[Data — start]

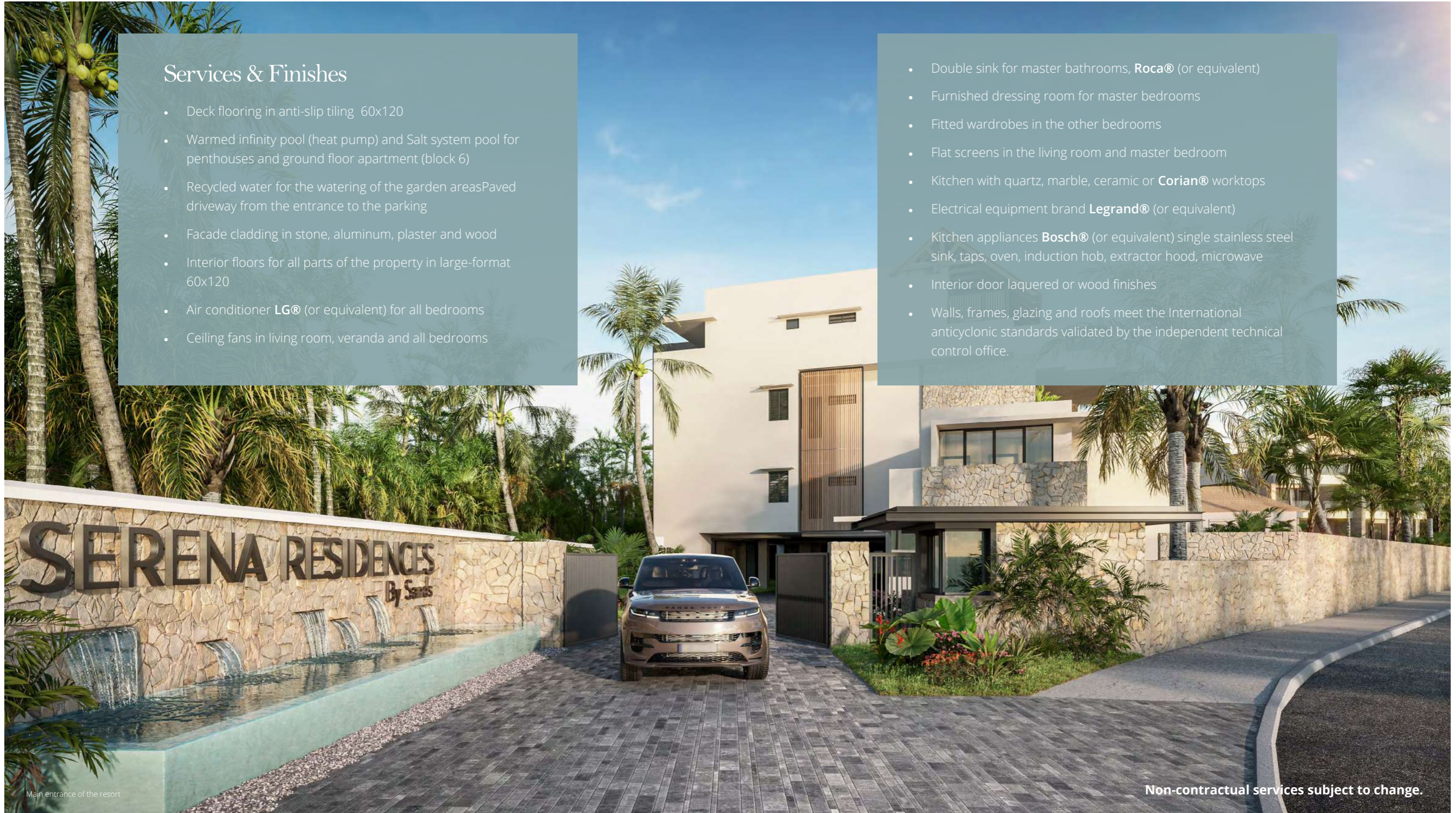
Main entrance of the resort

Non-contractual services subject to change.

[Data — finish]
[Data — start]

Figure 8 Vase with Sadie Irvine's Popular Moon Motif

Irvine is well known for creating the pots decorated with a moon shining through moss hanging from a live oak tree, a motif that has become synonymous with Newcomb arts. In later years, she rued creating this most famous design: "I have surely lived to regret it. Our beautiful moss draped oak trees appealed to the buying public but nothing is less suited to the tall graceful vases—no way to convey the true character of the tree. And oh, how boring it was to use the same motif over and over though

[Data — finish]

● **Work item**:
Report how many lines of the data hold the string "with"; give only the number.

● **Output**:
2